'''
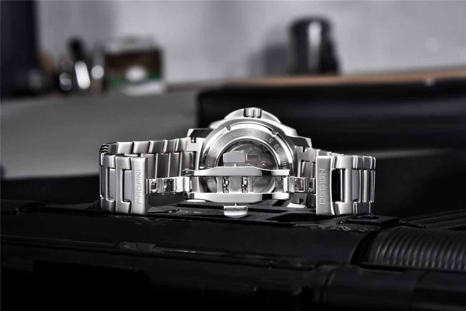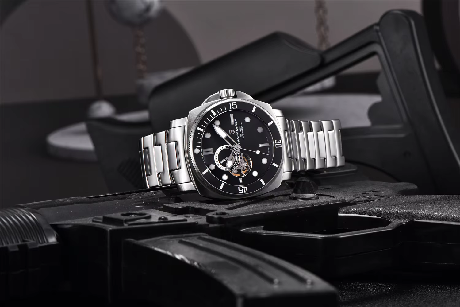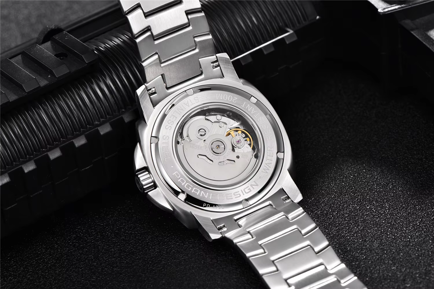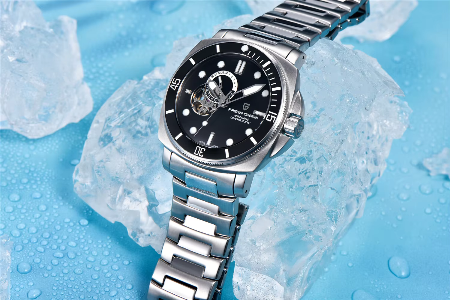 Pagani Design PD-1736 là mẫu đồng hồ cơ 3 kim không lịch với open heart tại vị trí 9h, mang lại trải nghiệm thị giác đặc biệt khi nhìn thấy bộ máy đang vận hành ngay trên cổ tay. Thiết kế tối giản, mặt số clean, đi cùng bộ kim dauphine sắc nét, tạo nên một chiếc dress watch hiện đại, nam tính nhưng vẫn đầy chất cơ khí.
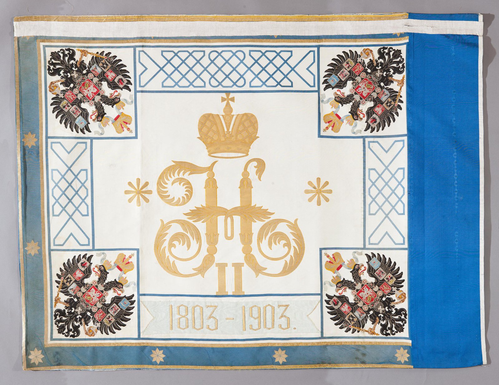 | Знамя 18-го пехотного Вологодского Е.В.Карла I короля румынского полка. 1903. Россия. 108,5х143 см. Шёлк, репс, муар, золотные пряденые нити, цветные шёлковые нити, ткачество. Аверс. ГИМ. |
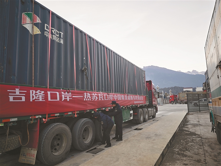 長(zhǎng)期以來,中尼跨境貨物運(yùn)輸主要依賴尼泊爾貨柜車承運(yùn),貨物在口岸需進(jìn)行倒裝、換裝等操作,不僅影響效率,也增加貨損風(fēng)險(xiǎn)。為推動(dòng)跨境物流模式創(chuàng)新,吉隆海關(guān)主動(dòng)對(duì)接地方政府與企業(yè),提供全程政策指導(dǎo),并依托“智慧鷹眼”,實(shí)時(shí)監(jiān)測(cè)物流運(yùn)輸狀態(tài),延伸監(jiān)管鏈條。同時(shí),通過深化“提前申報(bào)”“即到即驗(yàn)即放”“無紙化通關(guān)”等便利措施,壓縮口岸通關(guān)時(shí)間超50%,企業(yè)物流成本顯著降低。
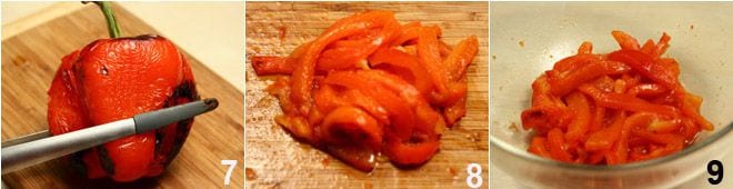 Rösten Sie dann die beiden Paprikaschoten im Ofen, bis sie weich sind 7, machen Sie sich keine Sorgen, wenn die äußere Haut leicht brennt. Schälen Sie die gerösteten Paprika und schneiden Sie sie in etwa einen Zentimeter breite und 5 Zentimeter lange Streifen 8. Legen Sie die Streifen in eine Schüssel, salzen Sie leicht und lassen Sie sie 30 Minuten ruhen 9. Dieser Vorgang entzieht den Paprika überschüssiges Wasser, das für die Zubereitung des Dressings aufgefangen werden muss.
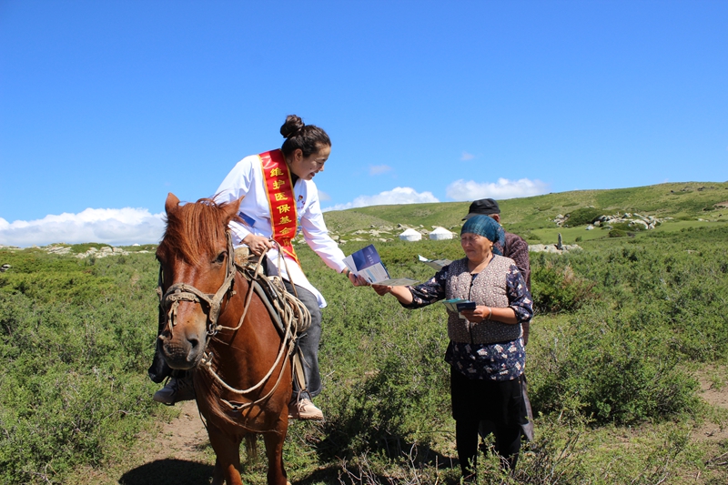 哈巴河县医疗保障局工作人员在牧区开展医保政策宣讲活动(2025年6月18日摄)。
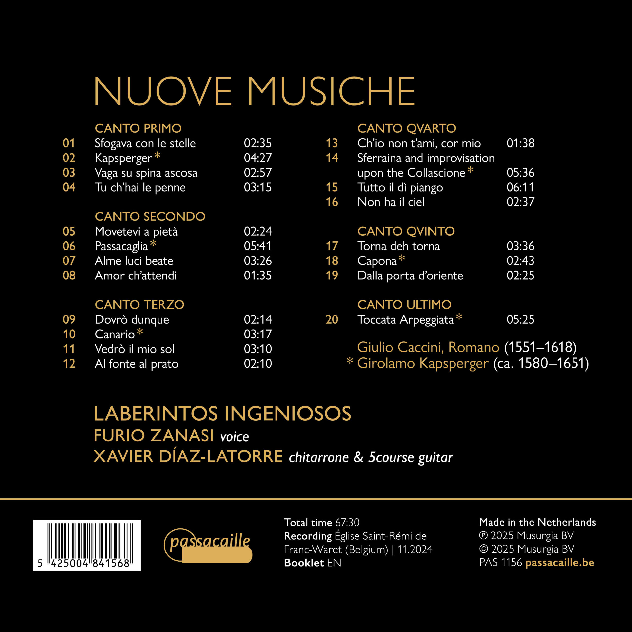 Dans Le Nuove Musiche, la voix d’une grande expressivité de Furio Zanasi et le jeu magistral du théorbe de Xavier Díaz-Latorre confèrent une profondeur nouvelle à la musique novatrice de Giulio Caccini et de Heinrich Kapsberger. L’esthétique radicale de Caccini — qui place l’intelligibilité du texte au centre, confie à la mélodie la charge du sens expressif et réduit l’accompagnement à un basso continuo à la fois discret et puissamment évocateur — s’y manifeste avec une clarté remarquable.
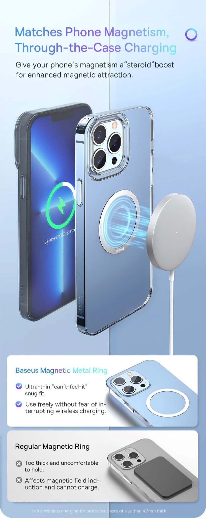 Tính năng độc đáo và tiện ích nhất trên dòng iPhone 12/13 Series là khi sử dụng cùng hệ sinh thái các phụ kiện chuẩn MagSafe của Apple . Tuy nhiên nếu bạn đang sử dụng các loại ốp lưng bảo vệ sẽ làm giảm đáng kể lực hút của mặt lưng iPhone với các phụ kiện MagSafe này ( thậm chí khi lực hút yếu các đế sạc không dây chỉ nhận sạc thông thường mà không nhận được chuẩn sạc không dây MagSafe) . Điều này làm giảm đáng kể trải nghiệm và hiệu quả sử dụng của các loại phụ kiện MagSafe . Hoặc bạn đang sở hữu các dòng iPhone 11 (hoặc cũ hơn)/ Smartphone Android như Samsung/ Huawei/ OPPO Xiaomi nhưng lại muốn sử dụng với các loại phụ kiện MagSafe hoặc các đế giữ điện thoại bằng nam châm nhưng không tương thích do mặt lưng không được trang bị nam châm . Trong trường hợp này bạn chỉ cần trang bị Bộ vòng kim loại Magsafe Baseus Halo Series Magnetic là có thể khắc phục hiệu quả tất cả các nhược điểm nói trên .
'''
_Assignment_. Each entry should come back exactly as written, with its pictures omitted.

_Worked solution_.
 Pagani Design PD-1736 là mẫu đồng hồ cơ 3 kim không lịch với open heart tại vị trí 9h, mang lại trải nghiệm thị giác đặc biệt khi nhìn thấy bộ máy đang vận hành ngay trên cổ tay. Thiết kế tối giản, mặt số clean, đi cùng bộ kim dauphine sắc nét, tạo nên một chiếc dress watch hiện đại, nam tính nhưng vẫn đầy chất cơ khí.
 | Знамя 18-го пехотного Вологодского Е.В.Карла I короля румынского полка. 1903. Россия. 108,5х143 см. Шёлк, репс, муар, золотные пряденые нити, цветные шёлковые нити, ткачество. Аверс. ГИМ. |
 長(zhǎng)期以來,中尼跨境貨物運(yùn)輸主要依賴尼泊爾貨柜車承運(yùn),貨物在口岸需進(jìn)行倒裝、換裝等操作,不僅影響效率,也增加貨損風(fēng)險(xiǎn)。為推動(dòng)跨境物流模式創(chuàng)新,吉隆海關(guān)主動(dòng)對(duì)接地方政府與企業(yè),提供全程政策指導(dǎo),并依托“智慧鷹眼”,實(shí)時(shí)監(jiān)測(cè)物流運(yùn)輸狀態(tài),延伸監(jiān)管鏈條。同時(shí),通過深化“提前申報(bào)”“即到即驗(yàn)即放”“無紙化通關(guān)”等便利措施,壓縮口岸通關(guān)時(shí)間超50%,企業(yè)物流成本顯著降低。
 Rösten Sie dann die beiden Paprikaschoten im Ofen, bis sie weich sind 7, machen Sie sich keine Sorgen, wenn die äußere Haut leicht brennt. Schälen Sie die gerösteten Paprika und schneiden Sie sie in etwa einen Zentimeter breite und 5 Zentimeter lange Streifen 8. Legen Sie die Streifen in eine Schüssel, salzen Sie leicht und lassen Sie sie 30 Minuten ruhen 9. Dieser Vorgang entzieht den Paprika überschüssiges Wasser, das für die Zubereitung des Dressings aufgefangen werden muss.
 哈巴河县医疗保障局工作人员在牧区开展医保政策宣讲活动(2025年6月18日摄)。
 Dans Le Nuove Musiche, la voix d’une grande expressivité de Furio Zanasi et le jeu magistral du théorbe de Xavier Díaz-Latorre confèrent une profondeur nouvelle à la musique novatrice de Giulio Caccini et de Heinrich Kapsberger. L’esthétique radicale de Caccini — qui place l’intelligibilité du texte au centre, confie à la mélodie la charge du sens expressif et réduit l’accompagnement à un basso continuo à la fois discret et puissamment évocateur — s’y manifeste avec une clarté remarquable.
 Tính năng độc đáo và tiện ích nhất trên dòng iPhone 12/13 Series là khi sử dụng cùng hệ sinh thái các phụ kiện chuẩn MagSafe của Apple . Tuy nhiên nếu bạn đang sử dụng các loại ốp lưng bảo vệ sẽ làm giảm đáng kể lực hút của mặt lưng iPhone với các phụ kiện MagSafe này ( thậm chí khi lực hút yếu các đế sạc không dây chỉ nhận sạc thông thường mà không nhận được chuẩn sạc không dây MagSafe) . Điều này làm giảm đáng kể trải nghiệm và hiệu quả sử dụng của các loại phụ kiện MagSafe . Hoặc bạn đang sở hữu các dòng iPhone 11 (hoặc cũ hơn)/ Smartphone Android như Samsung/ Huawei/ OPPO Xiaomi nhưng lại muốn sử dụng với các loại phụ kiện MagSafe hoặc các đế giữ điện thoại bằng nam châm nhưng không tương thích do mặt lưng không được trang bị nam châm . Trong trường hợp này bạn chỉ cần trang bị Bộ vòng kim loại Magsafe Baseus Halo Series Magnetic là có thể khắc phục hiệu quả tất cả các nhược điểm nói trên .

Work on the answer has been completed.